In reality, a cleared model wouldn’t fit into the current crypto ecosystem. If a crypto exchange adopted a full CCP or FCM structure, it would immediately lose control of the leverage and margin it extends to its clients. Those controls would pass back to the intermediaries — the banks and non-bank FCMs who, in traditional finance, act as the end credit gatekeeper to institutional and retail customers alike. That’s the exact intermediation crypto venues were determined to bypass. It would restrict their ability to offer 50x or 100x leverage to retail users, which is a core part of their business model. This leverage drives some of the massive liquidity these venues supposedly support, the liquidity which many institutions want to trade against, and is the driver behind the need to support auto-liquidation. It is at the very core of their business model and profitability, and it is unlikely they will give that up easily.

Another reason that a CCP/FCM model won’t easily fit the current crypto market structure is that for clearing to really deliver benefits, contracts would need to be standardised and fungible across venues. A Bitcoin perpetual on Exchange X would have to be equivalent to the same product on Exchange Y. Can we realistically see today’s major crypto platforms collaborating and giving up control of their proprietary contract specs? Unlikely.

You can’t have your cake and eat it:

You can’t have excessive retail leverage and the return opportunities this generates for institutional trading firms while also asking for regulated transparency and institutional credibility. True clearing brings predictability, enforcement of contracts, transparency, and capital efficiency, but only when combined with sound leverage limits and risk discipline.

 

The Role of GFO-X in Evolving The Market Structure

Events like the previous weekend provide an opportunity to learn and grow. Market structure and technology limitations should not be seen as a sign of weakness in the underlying assets themselves, such as Bitcoin or Ethereum, although these often get conflated.

The obvious learning is that until we fix the market structure, real institutional capital will remain cautious. At the same time, arbitrageurs will always have a role to play, determined by their risk appetite.

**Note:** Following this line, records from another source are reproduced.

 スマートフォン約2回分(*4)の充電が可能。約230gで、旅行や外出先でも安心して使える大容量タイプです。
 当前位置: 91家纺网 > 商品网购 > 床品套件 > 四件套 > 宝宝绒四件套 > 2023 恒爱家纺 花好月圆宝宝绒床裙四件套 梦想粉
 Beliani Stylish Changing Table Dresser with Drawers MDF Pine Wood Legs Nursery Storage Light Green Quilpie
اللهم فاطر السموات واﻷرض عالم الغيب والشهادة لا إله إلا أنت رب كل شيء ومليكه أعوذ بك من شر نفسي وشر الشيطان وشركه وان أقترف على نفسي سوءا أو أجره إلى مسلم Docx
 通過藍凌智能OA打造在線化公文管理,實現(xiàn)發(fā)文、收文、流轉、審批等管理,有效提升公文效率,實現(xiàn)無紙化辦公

Over time, the crypto market will likely evolve into a two tier market structure, which will be porous and intersect but may have minimal overlap:

  • Offshore platforms offering significant retail leverage and the return opportunities this provides will persist, but they will likely continue to see limited institutional participation. Crowbarring their business model into a tier-1 regulated or Cleared / CCP structure will be extremely challenging, and
  • New entrants will emerge to grow the institutional crypto market, build a more balanced, transparent structure, based on new technology, that unlocks genuine institutional credit and liquidity.

 

We’ve seen this story before. Markets evolve, but the fundamentals of sound risk management don’t change. This time, though, technology gives us the tools to do it right.

At GFO-X, we’re combining regulated, centrally cleared infrastructure connected to real credit intermediaries with the flexibility of 24/7 digital asset markets. Where transparency and technology work together, not against each other.

The goal isn’t to replicate TradFi, it is to evolve it.